The downward trend in the semiconductor market over the past year has reflected the pandemic-induced over-ordering of computers and smartphones, which led to an abnormal increase in sales, but also the restrictions imposed on China by the US government on free trade in advanced chips, first by former President Donald Trump and now by current President Joe Biden, especially with his chip law (the US Chips Act) enacted last November.
The main aim of the US Chips Act and the European Chip Act, the latter of which is still in the process of being approved by the European Union, is to encourage more chips to be manufactured in the United States and the European Union by granting subsidies and soft loans, and thus achieve greater autonomy in this strategic market. The US has also banned its companies, and those that use all or part of US-patented production equipment, from selling their products to China, especially those with high added value, such as those used for military purposes or high-performance servers and artificial intelligence tasks. It also succeeded in stopping TSMC from supplying chips to Huawei, even though the Chinese company had designed them.
The US also imposed that companies that manufacture advanced chips in China with US patents, such as the American Intel or Micron but also Samsung and SK Hynix, all of them with huge production centres for processors and memories, could not renew their equipment subject to US patents after a one-year extension, which is expected (although not confirmed) to expire next September.

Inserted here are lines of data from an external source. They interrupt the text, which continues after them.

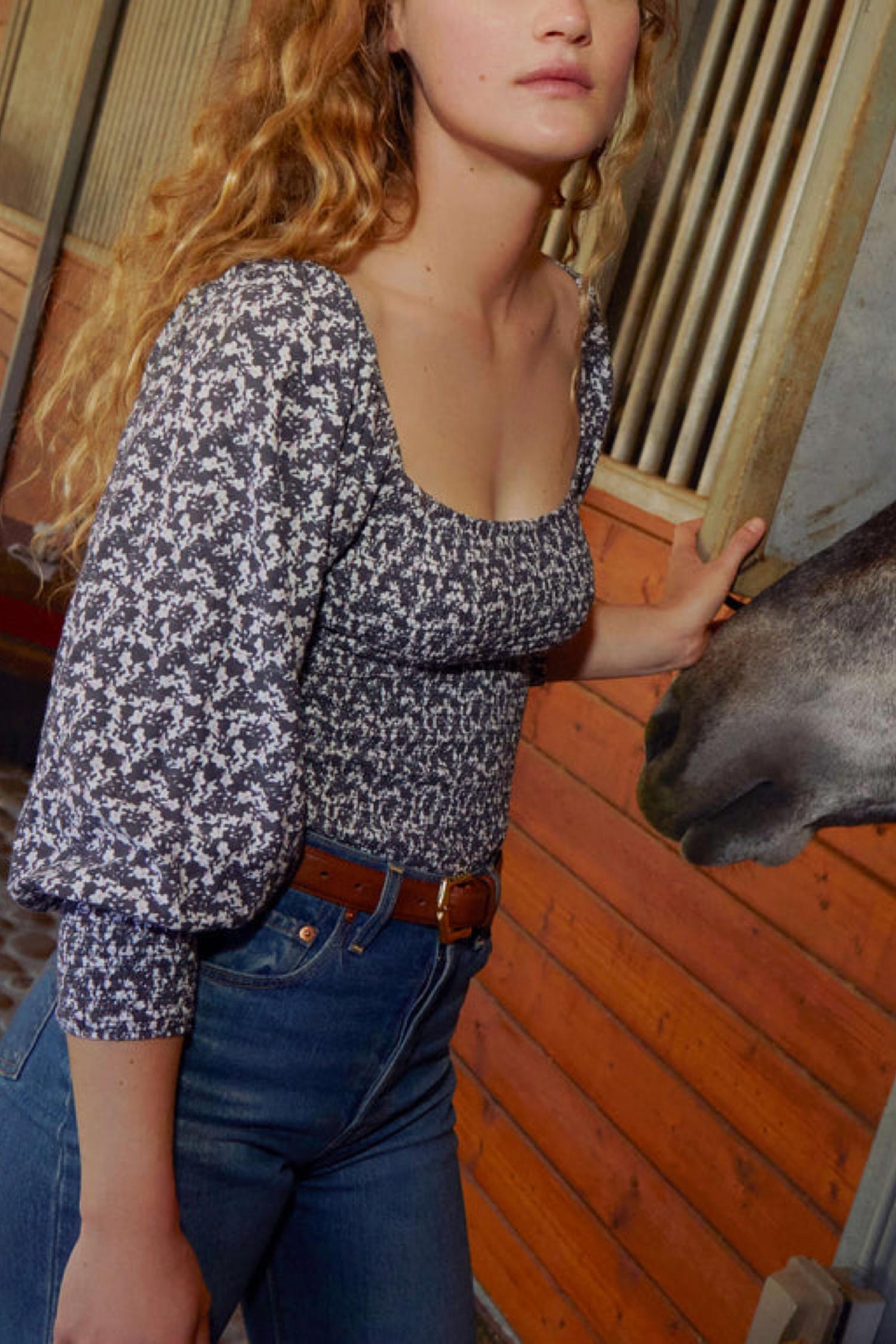 A versatile blouse that works from desk to dinner! Experience the effortless charm of the Women's Iona Smocked Top by Nation LTD, crafted from 100% Pima Cotton. Featuring a smocked bodice and elegant puff long sleeves, this floral piece in petite fleur offers a maximalist touch perfect for summer vacations. Pull-on closure makes it an easy choice for fashion-forward styling. Proudly made in Peru, simply machine wash to keep this top fresh.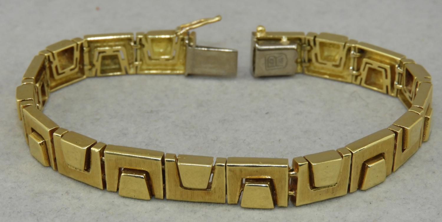 18k geometric bracelet, 7 1/2" in length, weighing approx 36grams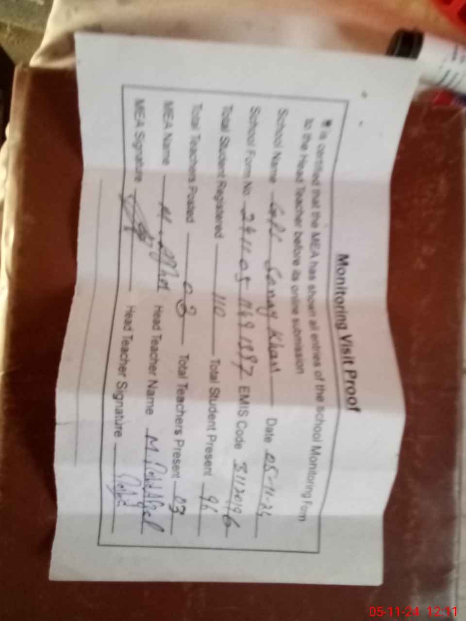 | Attendance Register | Head Teacher | MEA with School | Visit Proof |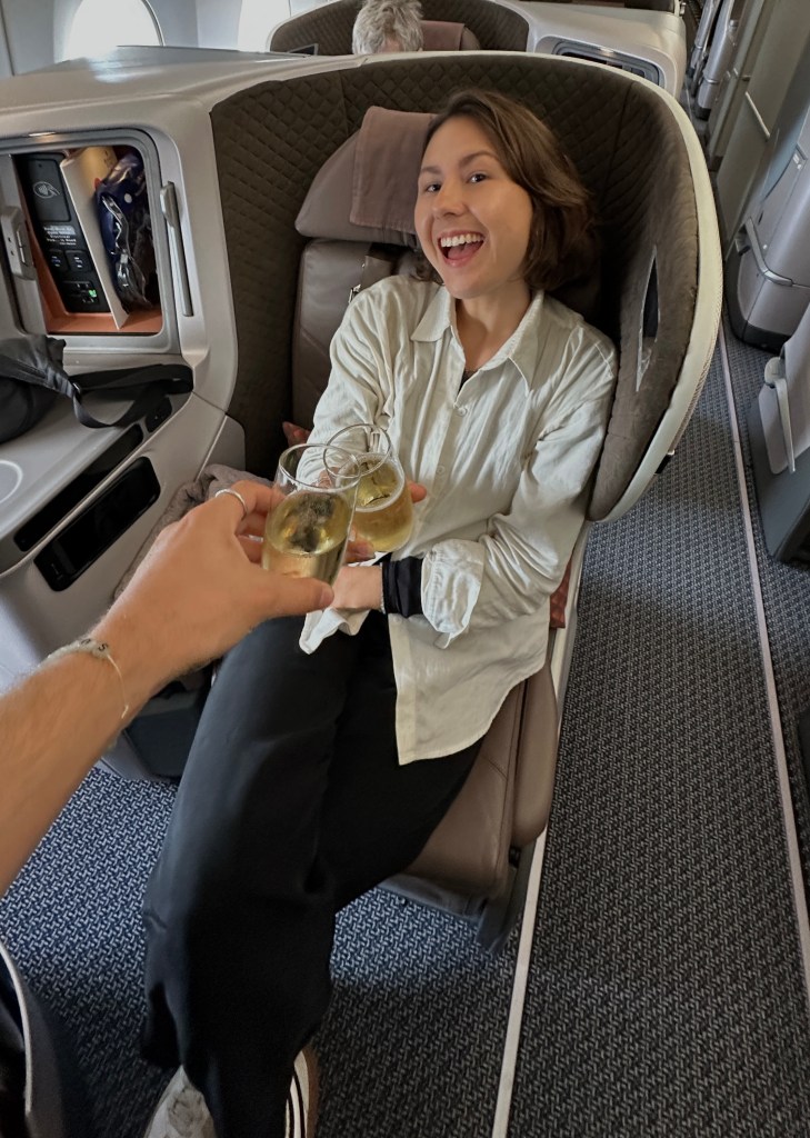 Obwohl unser Treffen ins Wasser fiel, wollten Leon und ich unseren Flug nach Cairns nicht verfallen lassen. Immerhin hatten wir uns einen Business-Class-Flug mit Meilen gegönnt – unser erstes Mal mit Singapore Airlines! Der Flug war ziemlich leer, weshalb der Service etwas eingeschränkt war. Nach dem guten Ruf der Airline hatte ich mir zwar noch ein bisschen mehr erwartet, aber insgesamt war es dennoch ein tolles Erlebnis.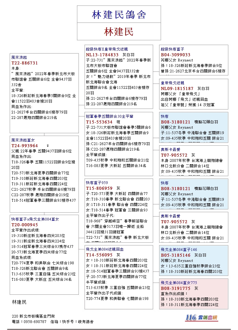 在兩岸競翔圈享有盛名,曾經五度拿下全船總冠軍(二次全會唯一歸返、一次全船唯一歸返),並在大陸指標鴿會北京開創者,勇奪鐵鷹四關綜合冠軍、天津開創者國際俱樂部多次贏得鉅獎的土城林建民鴿舍,因生涯規劃,即將前往大陸發展事業,因而決定將鴿舍4百餘羽種賽鴿,全數分批在好鴿網平台公開拍賣,第一批將於2026年元月份搶先上架,敬請鴿友把握引種良機。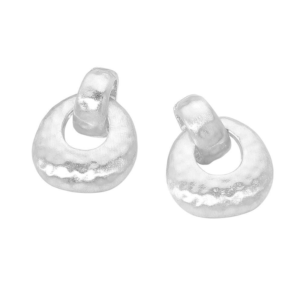 Details • Size : 0.9" X 1.1" • Post Back • Modern interlocking hoop drop door knocker earrings with a softly textured finish that creates depth and a sculptural look. Designed for comfortable wear and subtle movement, this versatile style transitions effortlessly from casual outfits to elevated looks, making it an ideal addition to everyday jewelry assortments and gift-ready boutique collections. • Lead and Nickel Compliant

According to the Financial Times, the US will continue to ban Samsung and SK Hynix from selling sophisticated chips to China, although the decision has not yet been approved by President Biden.
China happens to be the largest purchaser of chips and production equipment, both for domestic consumption and for export in the form of finished electronics products. Virtually all of HP and Dell’s computers and laptops, for example, are assembled in China and exported to the rest of the world. A large part of the wafers manufactured by TSMC in Taiwan are shipped to mainland China to be cut and encapsulated into chips from Apple, Qualcomm, MediaTek or NVidia and assembled into smartphones from Chinese manufacturers.

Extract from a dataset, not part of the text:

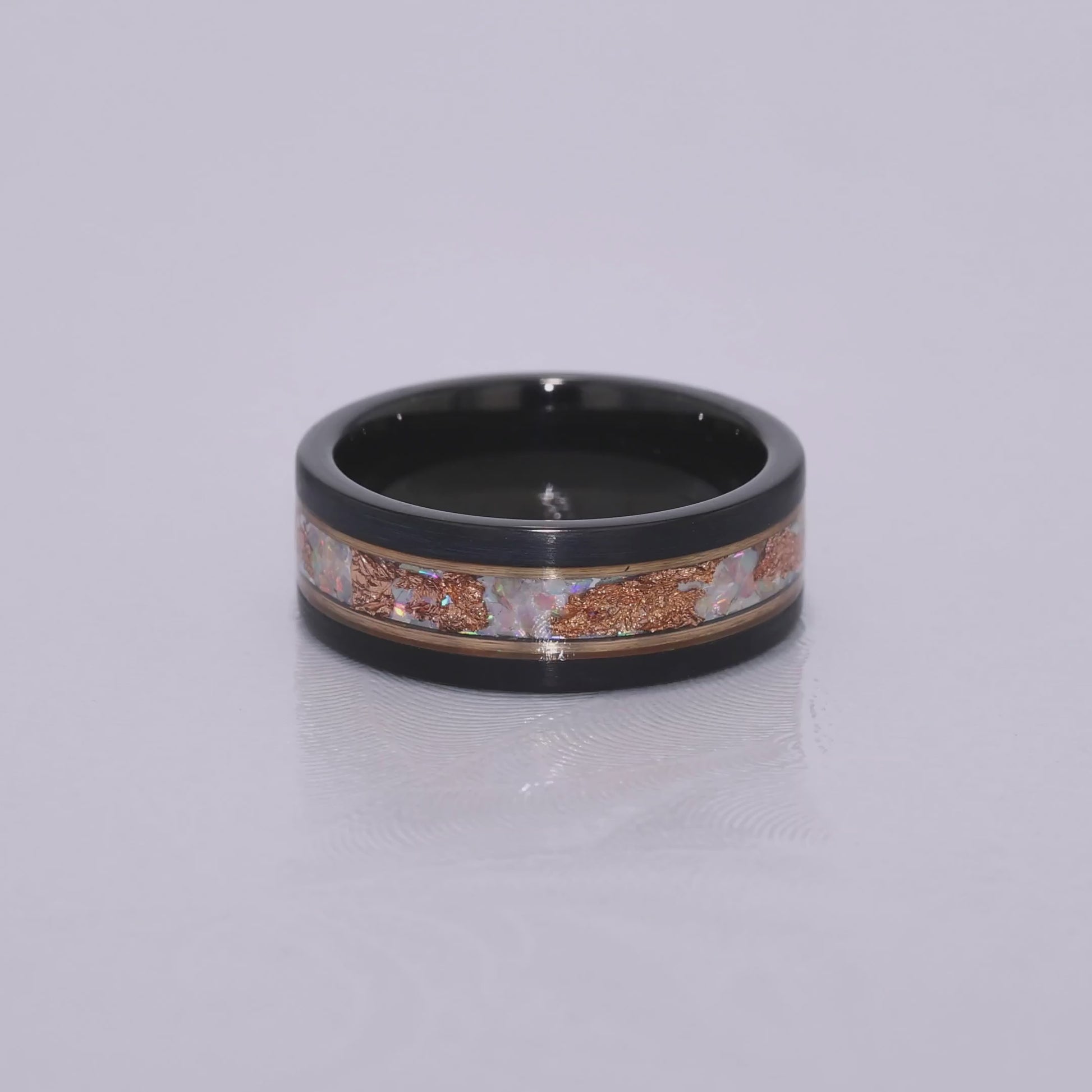 “Binary" Tungsten Carbide Black Ring 8mm w/ White Opal, Rose Gold Accents and Rose Gold Leaf

TSMC has stated that manufacturing chips in the US is 30% more expensive than in Taiwan, which is unsustainable without generous public subsidies from the US. From a strategic point of view, it is in TSMC’s interest to relocate some of its production outside Taiwan, either to the US or to Europe. That is why it has built a plant in the US and will probably agree to do so in Europe as well, even if it is not particularly profitable. But the plants will certainly not be the most advanced when the pace of mass production is finally reached, nor will TSMC share production secrets, as the United States aspires to.
The problem is that the amount of subsidies to manufacture chips in the United States or Europe, just over $50 billion in each case and over several years, is an amount that does not even represent half of the annual investment that TSMC or Samsung allocate to semiconductor production plants, which are essential to continue the technological race and lead the market in highly sophisticated chips.
Intel’s current financial situation is a symptom of the chip industry’s problems. To remain competitive in the infinitesimal chip race, the company must build production plants costing tens of billions of dollars and taking up to five years to build. At the moment, Intel is well advanced with the renovation of its factory in Ireland and the construction of the macro-complex in Ohio is well underway.
But Intel’s subsidies only cover a small part of the necessary investment, however high they may be, while its market capitalisation has plummeted to 34 dollars a share when it was twice as much two years ago, partly because of the first quarter losses of 2.8 billion dollars and the 34% drop in turnover compared to a year earlier that it announced a few days ago. Against this backdrop, experts are sceptical that Intel can match its manufacturing ambitions, even if it manages to catch up technologically within a year with TSMC and Samsung, as it has repeatedly claimed.
The market back-and-forth is also affecting Qualcomm, the US manufacturer that specialises in designing processors for smartphones, which are made by TSMC. Qualcomm has just announced that its sales in the last quarter were down 17% and profits 42% from twelve months earlier, due to lower smartphone sales in the last nine months.
Results from MediaTek, Qualcomm’s big competitor in smartphone processors, which is also made by compatriot TSMC, are expected to show a similar decline in sales. Smartphones are not only crucial to Apple’s profits, but the evolution of global sales, irretrievably downward, has broad repercussions for the entire technology sector.
The second half of the year and especially next year will be decisive for the future development of the global semiconductor market and the competitive position of Europe, the United States, South Korea, Taiwan, Japan and China in the industry in the second half of this decade. Not to be forgotten either is India, which wants to become a major global technology player and the size of its domestic market allows it to do so. And all this against the backdrop of a conflict between Russia and Ukraine that has no end in sight.